Analysis of predicted recipients and donors suggested a discrete set of potential transfer pathways (Fig. 6E, F). For mphA, a single recipient in the class Polyangia (phylum Myxococcota) was predicted for two potential donors of the orders Xanthomonadales (phylum Proteobacteria) and Myxococcia (Myxococcota) (Fig. 6E, Supplementary Fig. 15). By contrast, the pathway for sul2 included multiple potential recipients and donors and could variably be described by HGT through some route spanning Gammaproteobacteria, Alphaproteobacteria and Bacteroidia. The use of the in situ criteria did rule out transfer from Alphaproteobacteria to Bacteroidia, but not from Gammaproteobacteria to Bacteroidia (Fig. 6F, Supplementary Fig. 16). A single pathway of sul1 transfer was detected that suggested a transfer from Sphingomonadaceae of Alphaproteobacteria to Gammaproteobacteria, however the putative donor and recipients aligned against one another at their respective edges (Supplementary Fig. 17).
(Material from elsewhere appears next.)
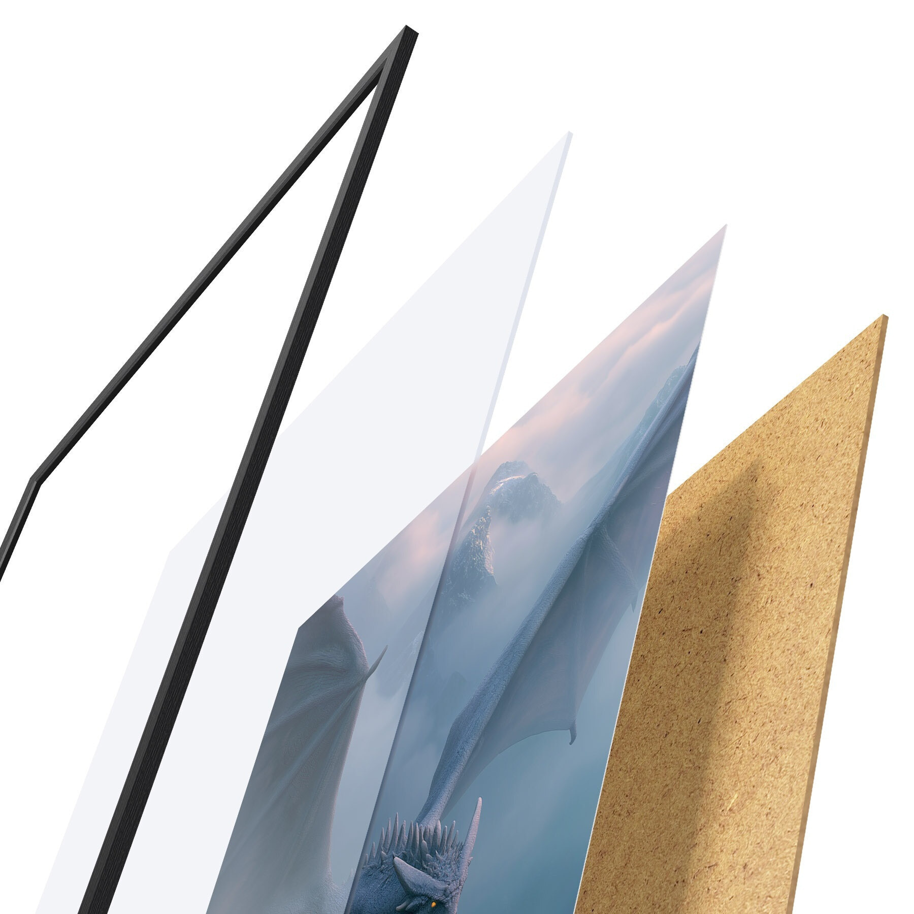 Plakāts sastāv no rāmja, pleksstikla, iespiestā attēla un skaidu plātnes pamatnes. Plakātu var uzreiz piekarināt pie sienas, pateicoties aizmugurē esošajiem stiprinājumiem.

Multi-level transfer of mphA linked to a novel myxophage

Further scrutiny of the Myxococcota genetic contexts of mphA revealed that they likely were derived from a phage (Fig. 7). This finding is notable, as the role of phages in the evolution of antibiotic resistance remains unclear, especially in environmental matrices. Further inspection revealed that closely-related phage genomes were detected in many samples, but the assemblies were fragmented into two approximately 20,000 base pair segments (Fig. 7A), essentially dividing the genome into halves, with only a few of the fragments encoding mphA (Fig. 7B). Draft genomes were constructed by scaffolding contigs based on their alignment to a similar prophage region in NCBI (Supplementary Methods S1, Supplementary Fig. 18) (Fig. 7D). The assemblies produced by HybridSPAdes and OPERA-MS predicting the encoding of mphA in the phage genome were validated by the identification of nanopore reads that aligned to both Myxococcota genomes and Enterobacterales in NCBI. The alignments corresponded to the prophage and mphA coding region, respectively (Supplementary Data 10, Supplementary Figs. 19, 20). Similar putative prophage regions were detected in numerous publicly available genomes (Fig. 7C, Supplementary Table 1), but lacked any known resistance genes. However, one putative prophage detected in Danish AS-derived MAG CP064980.1 (Fig. 7D) was integrated near genes encoding macrolide ATP-binding transporter/permease, MacA/MacB (Supplementary Fig. 19). Relative abundances of putative donors and recipients, and the taxonomic assignment of contigs, suggested that the Proteobacteria context was possibly associated with bin82, a Dokdonella sp. The contig had remarkably similar abundance profiles and concordant taxonomic assignments (Fig. 7F, G). The potential donor of the predicted class-level HGT of mphA, taxonomic assignment Myxococcia, was represented by multiple contigs (Supplementary Fig. 15). Only two MAGs of class Myxococcia were found, which displayed opposite trends in abundance over time (Fig. 7H, I). Potential recipients of mphA encoded by the myxophage (according to class-level taxonomic assignment ascribed to the phage contig) included 43 Polyangia dereplicated bins (Supplementary Data 11) spanning all four CAGs.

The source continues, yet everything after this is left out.